Funding for SIF was cut even though funding for the portion of the bill covering health, education, and labor programs was increased by $5.4 billion. Funding for the Corporation for National and Community Service, of which SIF is part, was also increased.
The bill covers the rest of the fiscal year, which ends next September 30. SIF’s new funding may be enough to maintain existing projects, but it may not be sufficient for additional grants in the coming year.
There was better news for the Investing in Innovation (i3) program, which was level-funded at $120 million. The funding sets up what looks like a smooth transition to a new program that will come on line next year. The new Education Innovation and Research program, which will replace i3, was adopted as part of education legislation that President Obama signed into law earlier this month. The newly created program is only authorized at about $70 million starting in the next fiscal year, but advocates have expressed hope that they might be able to win an increase.
Another initiative, Performance Partnership Pilots (P3), was also maintained at existing levels. An initial round of nine projects was announced in late October. The legislation authorizes another ten projects in the coming year.
Congress also maintained or slightly increased funding for a variety of evidence-based pregnancy prevention programs, according to the National Campaign to Prevent Teen and Unplanned Pregnancy.
SIF’s National Assessment Rolls Out
The spending cuts for the Social Innovation Fund come just as reports from its national assessment are beginning to emerge. Two reports from the program’s evaluator, ICF International, were released earlier this month and both reinforced conclusions reached by SIRC’s own analysis, which was released over the summer.
One report, a review of subgrantee evaluations, found a wide range of evaluation results spanning from strong to weak. Like SIRC’s report, it also found that smaller regional grantmakers and their subgrantees faced the largest challenges due to constrained resources and low evaluation budgets. According to the report, none of this category of subgrantees has yet achieved a moderate or strong level of evidence in their evaluations.
A second report focused on capacity building, a strength of the SIF program. The report found that the capacity of SIF grantees improved on nearly every measure, but the greatest improvements were in evaluation — an unsurprising conclusion considering the woeful state of evaluation in the nonprofit sector more generally.
Both reports were a bit light on criticism.
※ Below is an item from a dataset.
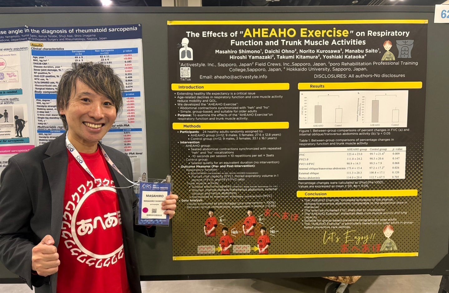 株式会社アクティブスタイル(北海道札幌市、代表取締役:齊藤 学)は、2026年3月28日(土)、アメリカで開催された「米国整形外科基礎学会」にて、自社が展開する体幹トレーニング「あへあほ体操」の基本動作がもたらす効果に関する共同研究成果を発表いたしました。当日は本動作が医学的に評価されるドローイン運動と同等の働きを示すデータを提示するとともに、デモンストレーションを実施し、現地で広く体験の場を提供しました。

Neither significantly touched on intermediary transparency or the program’s burdensome match requirements, which were a major cause of funding shortfalls and evaluation problems for smaller, regional projects.
The reports also missed one of SIF’s critical program strengths: its oversight of local evaluations. Given that grantees and subgrantees were hiring their own evaluators, creating a potential conflict, such oversight is critical for ensuring evaluation credibility.
Although the two reports cast SIF in a generally favorable light, this year’s funding cuts suggest that the program’s future remains in doubt. Unless the program can find a way to win over congressional Republicans, its fate may depend less on its own effectiveness than on the outcome of the 2016 presidential election.
Update
- Washington Post, Congress Passes Budget Deal and Heads Home for the Year (December 18, 2015)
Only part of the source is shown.